All of the listing should be returned as written, apart from any picture in it.

Data block:

+-------+

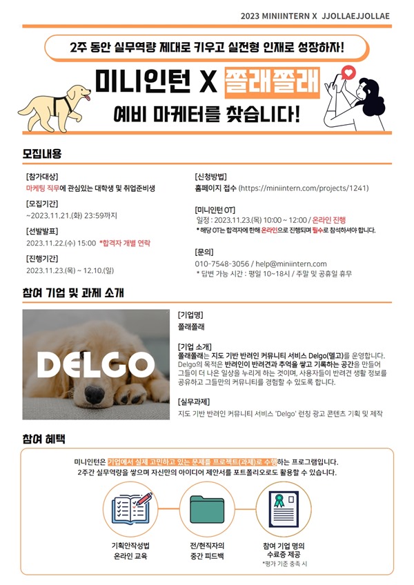 [미니인턴X쫄래쫄래] 예비 마케터주목! 반려견 서비스 ‘Delgo’의 서비스 런칭 광고 기획하고 마케팅 포트폴리오 완성!(~11/21)
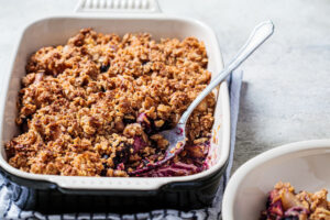 Ingredients for the Topping ½ cup finely ground almond flour 1/3 cup maple sugar or coconut sugar ½ teaspoon Celtic Sea salt ¼ teaspoon ground cinnamon ¼ teaspoon ground cardamom 5 Tbsp chilled ghee or coconut oil, cut into bite-sized pieces 1/3 cup whole raw pecans 1/3 cup whole raw almonds ½ cup unsweetened coconut…
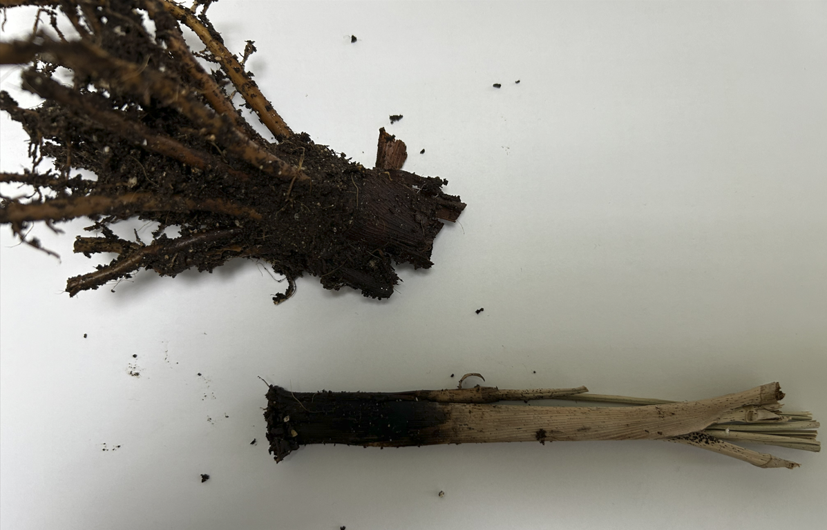 한 뿌리는 살아있고 다른 한 뿌리는 줄기가 완전 죽었다,

+-------+

Exercise answer:
 [미니인턴X쫄래쫄래] 예비 마케터주목! 반려견 서비스 ‘Delgo’의 서비스 런칭 광고 기획하고 마케팅 포트폴리오 완성!(~11/21)
 Ingredients for the Topping ½ cup finely ground almond flour 1/3 cup maple sugar or coconut sugar ½ teaspoon Celtic Sea salt ¼ teaspoon ground cinnamon ¼ teaspoon ground cardamom 5 Tbsp chilled ghee or coconut oil, cut into bite-sized pieces 1/3 cup whole raw pecans 1/3 cup whole raw almonds ½ cup unsweetened coconut…
 한 뿌리는 살아있고 다른 한 뿌리는 줄기가 완전 죽었다,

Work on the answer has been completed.